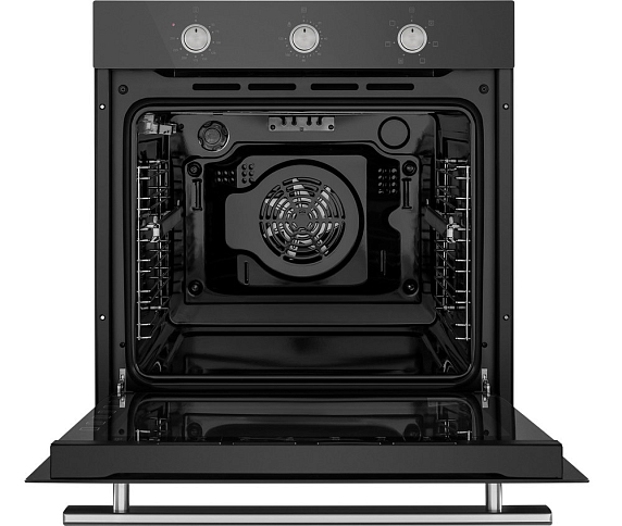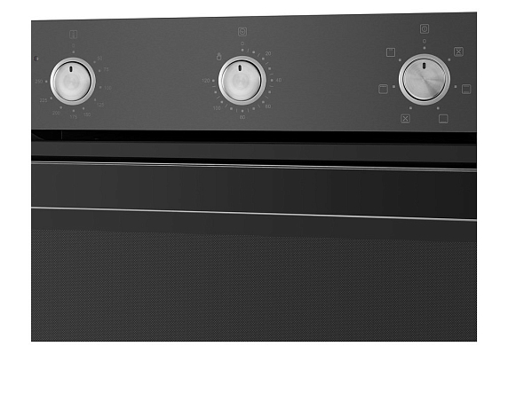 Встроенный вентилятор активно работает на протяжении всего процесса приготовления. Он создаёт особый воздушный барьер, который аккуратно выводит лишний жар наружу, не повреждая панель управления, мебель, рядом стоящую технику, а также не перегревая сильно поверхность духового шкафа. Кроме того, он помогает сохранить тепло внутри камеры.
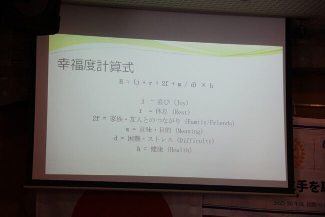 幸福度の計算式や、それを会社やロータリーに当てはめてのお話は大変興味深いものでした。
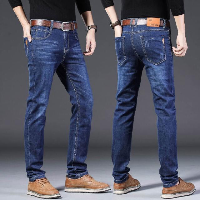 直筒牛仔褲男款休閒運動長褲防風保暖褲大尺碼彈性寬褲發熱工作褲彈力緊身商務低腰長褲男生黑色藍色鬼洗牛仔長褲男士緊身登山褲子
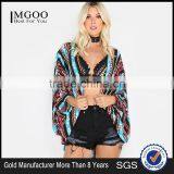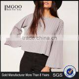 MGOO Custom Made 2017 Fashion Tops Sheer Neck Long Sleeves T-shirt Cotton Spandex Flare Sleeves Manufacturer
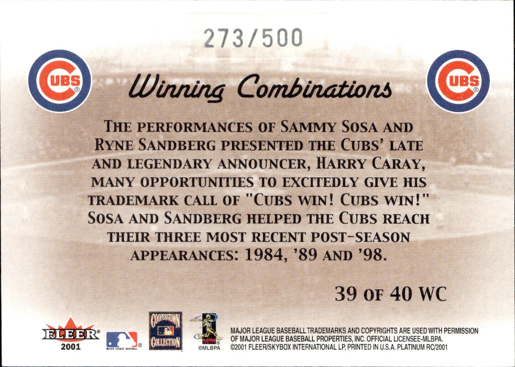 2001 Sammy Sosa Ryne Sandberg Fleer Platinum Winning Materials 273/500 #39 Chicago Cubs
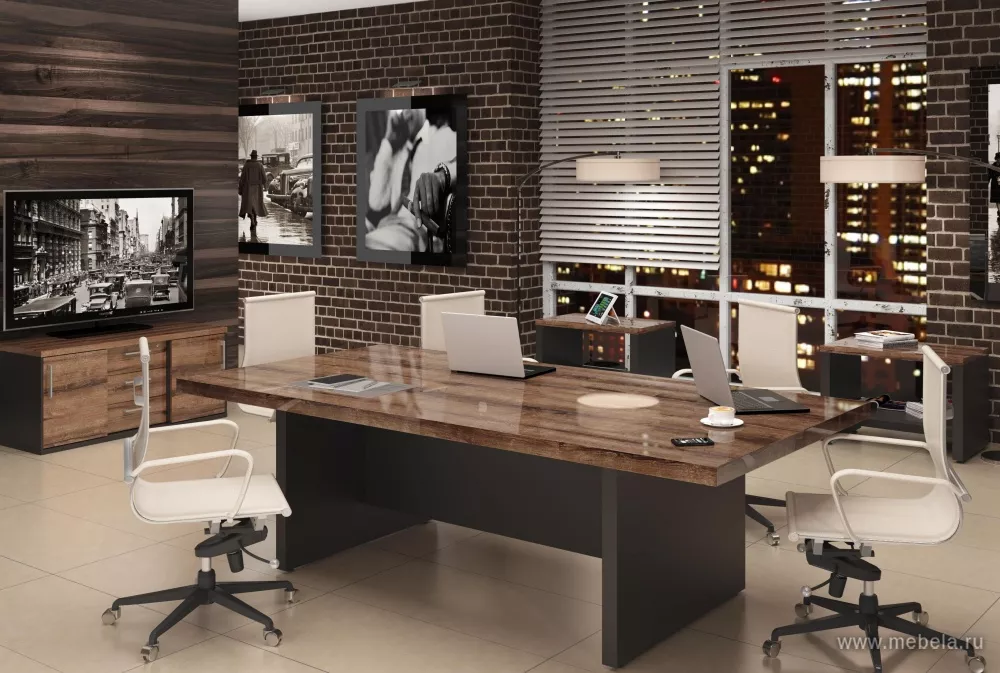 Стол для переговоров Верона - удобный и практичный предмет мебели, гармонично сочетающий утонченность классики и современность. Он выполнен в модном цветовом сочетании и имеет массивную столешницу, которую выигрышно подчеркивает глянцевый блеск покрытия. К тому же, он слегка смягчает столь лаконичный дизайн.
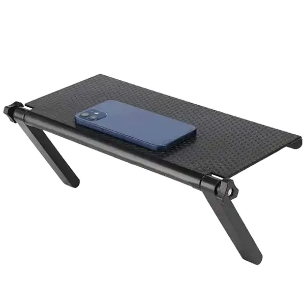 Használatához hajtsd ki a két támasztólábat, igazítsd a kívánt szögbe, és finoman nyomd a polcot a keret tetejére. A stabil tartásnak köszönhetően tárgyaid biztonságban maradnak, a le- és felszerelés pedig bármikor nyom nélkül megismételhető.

HOW TO COMPLETE THIS TASK
Write out each line of the listing above, exactly, from its first line to the line holding "Стол для переговоров", inclusive. Skip the pictures.

SOLVED EXERCISE
 Встроенный вентилятор активно работает на протяжении всего процесса приготовления. Он создаёт особый воздушный барьер, который аккуратно выводит лишний жар наружу, не повреждая панель управления, мебель, рядом стоящую технику, а также не перегревая сильно поверхность духового шкафа. Кроме того, он помогает сохранить тепло внутри камеры.
 幸福度の計算式や、それを会社やロータリーに当てはめてのお話は大変興味深いものでした。
 直筒牛仔褲男款休閒運動長褲防風保暖褲大尺碼彈性寬褲發熱工作褲彈力緊身商務低腰長褲男生黑色藍色鬼洗牛仔長褲男士緊身登山褲子
 MGOO Custom Made 2017 Fashion Tops Sheer Neck Long Sleeves T-shirt Cotton Spandex Flare Sleeves Manufacturer
 2001 Sammy Sosa Ryne Sandberg Fleer Platinum Winning Materials 273/500 #39 Chicago Cubs
 Стол для переговоров Верона - удобный и практичный предмет мебели, гармонично сочетающий утонченность классики и современность. Он выполнен в модном цветовом сочетании и имеет массивную столешницу, которую выигрышно подчеркивает глянцевый блеск покрытия. К тому же, он слегка смягчает столь лаконичный дизайн.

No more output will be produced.